# kyah seems bored of her orijen lbp



## thezinger (Nov 6, 2008)

lately she seems to be really bored with the food. when i first started her on it she loved it. but lately ill put it out for her, she'll give it a sniff and walk away...

but if i leave it there, 20 minutes later or so she'll go eat it, i guess she realizes there's nothing else for her to eat, and i know she is hungry. so lately ive been mixing other things in there, like bits of chicken to make it more interesting for her.

so im thinking maybe its time to try a different food.

i bought a small bag of solid gold wolf cub, to see if she liked the taste of that. but after i got home i thought maybe i should just start feeding her adult food. shes 5 months old now.

thoughts?


----------



## Winkin (Feb 21, 2007)

Personally, I'd keep feeding the Orijen LBP until 6 months...but it really doesn't matter much either way.

Maybe try adding some canned pumpkin mixed in with the food (1tsp-1tbsp per meal)? My dogs love it, and it helps keep them regular (not too hard, not too soft).


----------



## Keegan62 (Aug 17, 2008)

Jack hates all dry foods LOl
I am adding pumpkin he loves it. The vet reccommened me to


----------



## Sherush (Jan 12, 2008)

Jesse got bored with Orijen 6 Fish too at the beginning of December... after a few weeks we decided to feed him in a different method and now we feed him out of a tricky ball no longer in a bowl, now he loves his food because he has to work to get it, roll the ball, throw it around, good mental work.

Jesse was pulled off puppy food at 4 months.


----------



## larrydee33 (Feb 25, 2007)

Both of my dogs when they were 5 months old got tired of Orijen large breed puppy formula.
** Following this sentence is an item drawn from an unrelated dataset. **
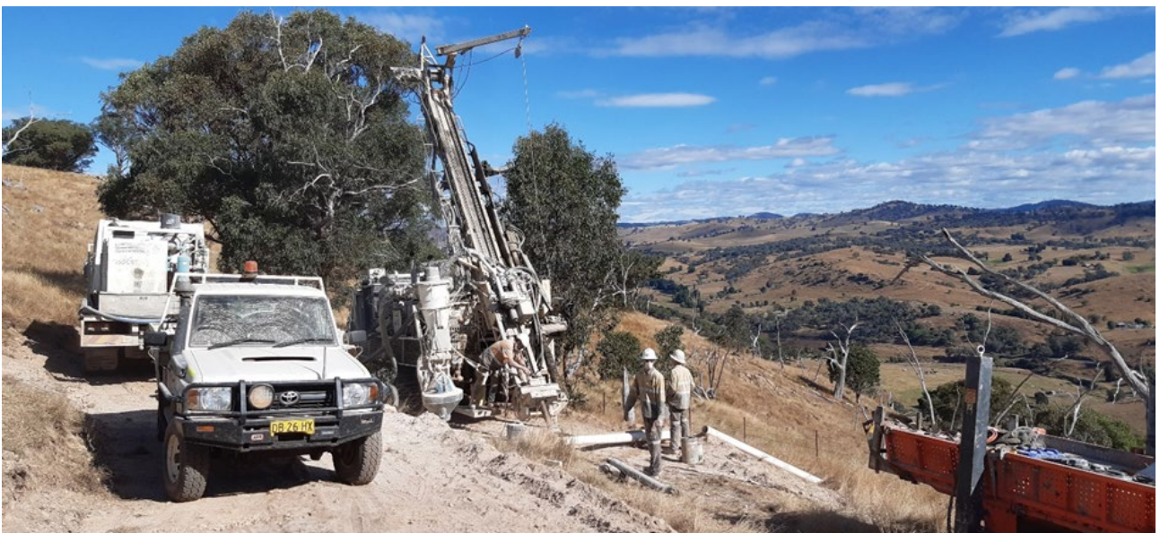
Figure 3: Drilling rig at Hole 3DGIB004 the Gibraltar Mines located down the hill to the right of the rig

What is potentially more exciting about the recent results of 3DGIB003, is the location of this drill hole with regards the regional geology. Since the Company acquired this project it has formulated a view that the key geological control that determines the location of deposits is the presence of NE/SW trending structures with the major N-S (or NNW/SSE) shear zones. The Gibraltar area is a prime target as the NE trending mineralised veins at Gibraltar would intersect the largest shear zone in the region (Wondalga Shear) just 400m to the west of hole 3DGIB003. This shear is located below the Adelong Creek and historical records show that most the alluvial production (400,000oz) came from dredging the Adelong Creek downstream from the Gibraltar mine, so it represents one of the best potential targets for major mineralisation.

Like you I tried different ways to entice them to eat.
Good idea to give them some raw chicken and raw ground beef. I give it at a separate meal. 
They have raw meat one meal a day and Orijen kibble the other meal.
What I do now is mix Orijen adult with the 6 fish formula.

If you want to stay with the Orijen LBP try mixing in a little Orijen 6 fish formula.

After reading TWDJ which said that canned or wet food is better than any dry kibble I have changed my whole dog's diet.
It is now 50% raw meat separate meal 25% Orijen kibble and 25% canned mixed with the kibble. 
I am using Tripett New Zealand green venison tripe canned food which I get from doggiefood.com.

You really have to be inovative with your dogs diet a lot of times they tire of the same old thing especially dry kibble.


----------



## thezinger (Nov 6, 2008)

right. well i switched foods anyways, because i think something in it was making her skin itchy. she was itching like crazy, now that i switched its not anymore.

so ive moved onto solid gold wolf cub. which i mix in some canned food and some water and stir it all up. she eats it up no problem.

but another month and ill be switching to adult food, so we'll see what i go with then.


----------